### DATA BLOCK
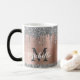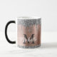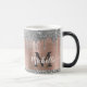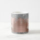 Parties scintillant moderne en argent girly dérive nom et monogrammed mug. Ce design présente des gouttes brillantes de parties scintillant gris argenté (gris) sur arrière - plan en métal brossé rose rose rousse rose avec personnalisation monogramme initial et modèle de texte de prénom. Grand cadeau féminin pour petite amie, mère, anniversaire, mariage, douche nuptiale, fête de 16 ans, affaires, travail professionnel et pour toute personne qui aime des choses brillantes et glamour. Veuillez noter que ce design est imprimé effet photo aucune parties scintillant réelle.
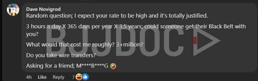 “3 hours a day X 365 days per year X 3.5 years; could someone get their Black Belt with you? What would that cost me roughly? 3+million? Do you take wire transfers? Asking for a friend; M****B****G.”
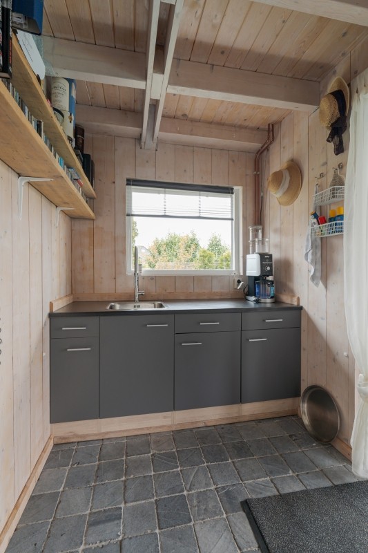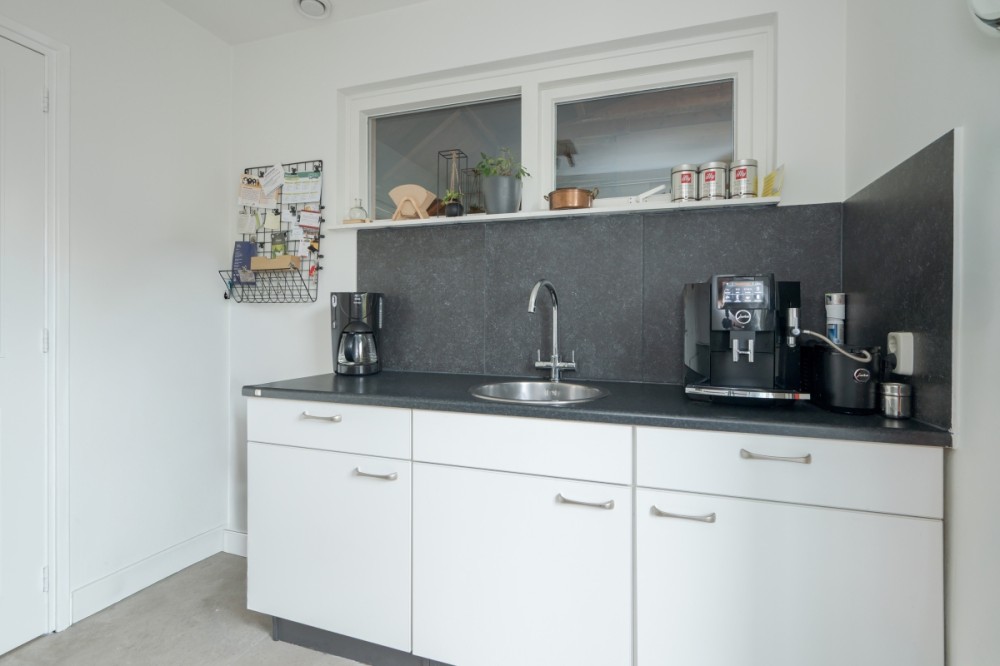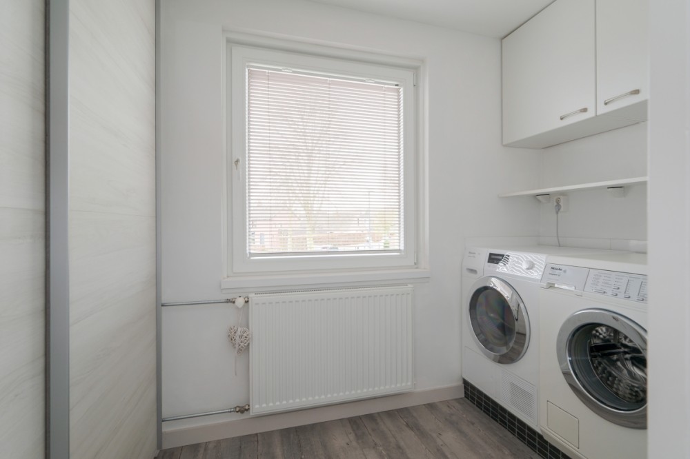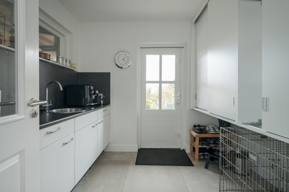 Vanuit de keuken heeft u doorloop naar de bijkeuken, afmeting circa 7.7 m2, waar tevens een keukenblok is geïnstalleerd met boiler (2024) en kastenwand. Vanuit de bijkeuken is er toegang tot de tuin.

### REQUIRED WORK
The answer must consist solely of the lines from the first line of the data through the line containing "hours a day", inclusive, reproduced exactly and without pictures.

### EXERCISE RESULT
 Parties scintillant moderne en argent girly dérive nom et monogrammed mug. Ce design présente des gouttes brillantes de parties scintillant gris argenté (gris) sur arrière - plan en métal brossé rose rose rousse rose avec personnalisation monogramme initial et modèle de texte de prénom. Grand cadeau féminin pour petite amie, mère, anniversaire, mariage, douche nuptiale, fête de 16 ans, affaires, travail professionnel et pour toute personne qui aime des choses brillantes et glamour. Veuillez noter que ce design est imprimé effet photo aucune parties scintillant réelle.
 “3 hours a day X 365 days per year X 3.5 years; could someone get their Black Belt with you? What would that cost me roughly? 3+million? Do you take wire transfers? Asking for a friend; M****B****G.”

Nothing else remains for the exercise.